La strage titina dei Carabinieri di Pedena nel giugno 1944

Il dono di un importante libro consente di conoscere una drammatica pagina di storia, vissuta anche da un giovane Carabiniere calabrese diventato patriota della “Osoppo”. Il volume Pedena. Un borgo istriano tra guerra e dopoguerra, curato dal docente e storico gradese Guido Rumici, è stato infatti donato alla Biblioteca “Movm Renato Del Din” da Marco Rensi, udinese di origini istriane e trentine, che deve a Pedena le sue radici familiari.
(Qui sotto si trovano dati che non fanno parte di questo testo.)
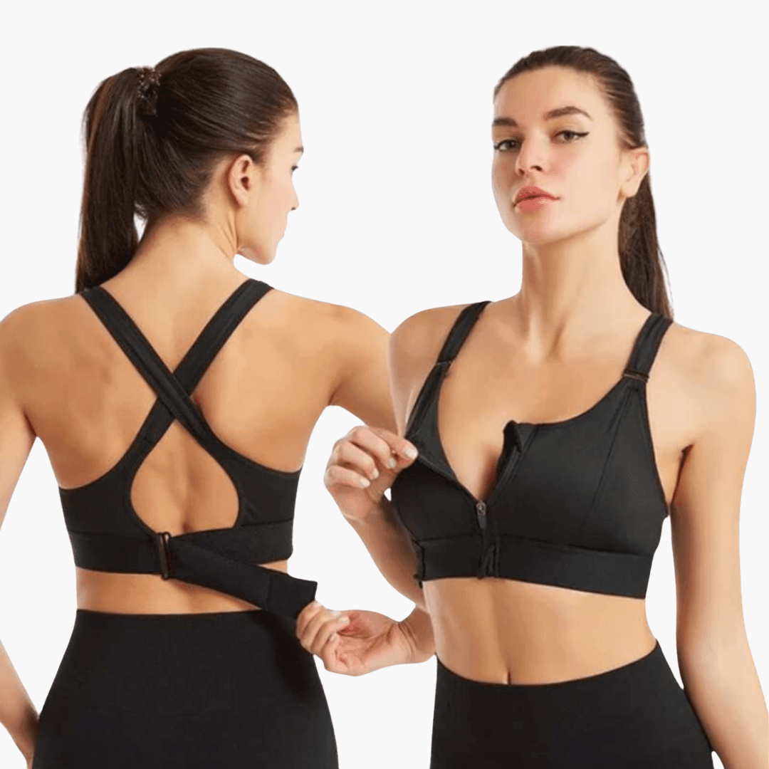 Ženski sportski grudnjak s patentnim zatvaračem – križni leđni dio za trening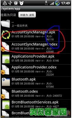 5、在这里面就是系统程序了,每个程序有两个文件,apk、odex,可以都删也可以保留apk放到sd卡里以后要了装,看自己的选择:

Nel paese dell’Istria orientale ora croato (Pićan), vivevano infatti il padre Tullio, allora bambino, il nonno Aldo, impiegato nella miniera dell’Arsia, rapito dai partigiani titini nel maggio del 1944 e di cui ancor oggi non si conosce il destino, ed il prozio Pietro, il parroco locale, autore del prezioso diario pubblicato nel libro.

Monsignor Rensi è, infatti, testimone di quanto avviene a Pedena l’11 giugno del ‘44, il giorno in cui alcune centinaia di partigiani della Brigata Vladimir Gortan assaltano la caserma dei Carabinieri, costretti alla resa dopo dodici ore di disperata resistenza. Nonostante le rassicurazioni ricevute dal tenente ligure Angelo Finucci, comandante del presidio, parimenti assalito, della vicina Gallignana (Gračišće) e da Mons. Rensi, i prigionieri sono rinchiusi nei locali della scuola di Pedena assieme ad altri finanzieri italiani. Vengono tutti interrogati. Tra loro, ci sono anche Carabinieri che erano già stati disarmati e catturati dai tedeschi l’8 settembre ’43, in Dalmazia. A quella data, appartenevano al 23° Battaglione Mobilitato, dislocato a Segna (Senj), lo stesso reparto del pugliese Cosimo Moccia, l’osovano “Aldo”, fucilato dai militi della Decima Mas a Tramonti di Sotto il 10 dicembre 1944. Condotti a Pola, i Carabinieri erano stati costretti a prestare servizio in Istria.

Conclusi gli interrogatori, iniziano le esecuzioni sommarie. Coloro che non vengono immediatamente uccisi, sono costretti, a gruppi, a lunghe marce forzate di trasferimento, nel corso delle quali altri Carabinieri vengono trucidati. Le vittime dell’Arma sono complessivamente ventiquattro. Tra i superstiti c’è il ventiduenne Saverio Mellea di Montepaone (Catanzaro), in servizio a Pedena. Le sue memorie, per tempo raccolte da Tullio Rensi e dal prof. Guido Rumici, spiegano le circostanze dell’assalto partigiano, della sua avventurosa fuga e dell’arrivo a Forame di Attimis, tra i patrioti osovani del comandante Francesco De Gregori “Bolla”, dai quali è accolto e rifocillato. Saverio diventa quindi “Cairo”, componente della squadra servizi del Battaglione Guastatori, agli ordini di Umberto Michelotti e della missione britannica. Come tale, partecipa a numerose azioni di sabotaggio, in particolare lungo la ferrovia Pontebbana, sfuggendo all’eccidio di Porzûs solo perché inviato, quel giorno, a Borgo Pecol. Dalla valle “Cairo” ha modo di sentire le raffiche dei gappisti. Nel dopoguerra, si trasferisce a Trento, come sono costretti a fare Monsignor Pietro, che vi muore nel 1967, e Tullio Rensi, che tuttora vi risiede. Saverio Mellea si è, invece, spento il 27 luglio 2011.

Jurij Cozianin
Fonte: “Pai nestris fogolârs”, Notiziario dell’Associazione Partigiani Osoppo-Friuli, ANNO IV – n. 72 – 11 ottobre 2023.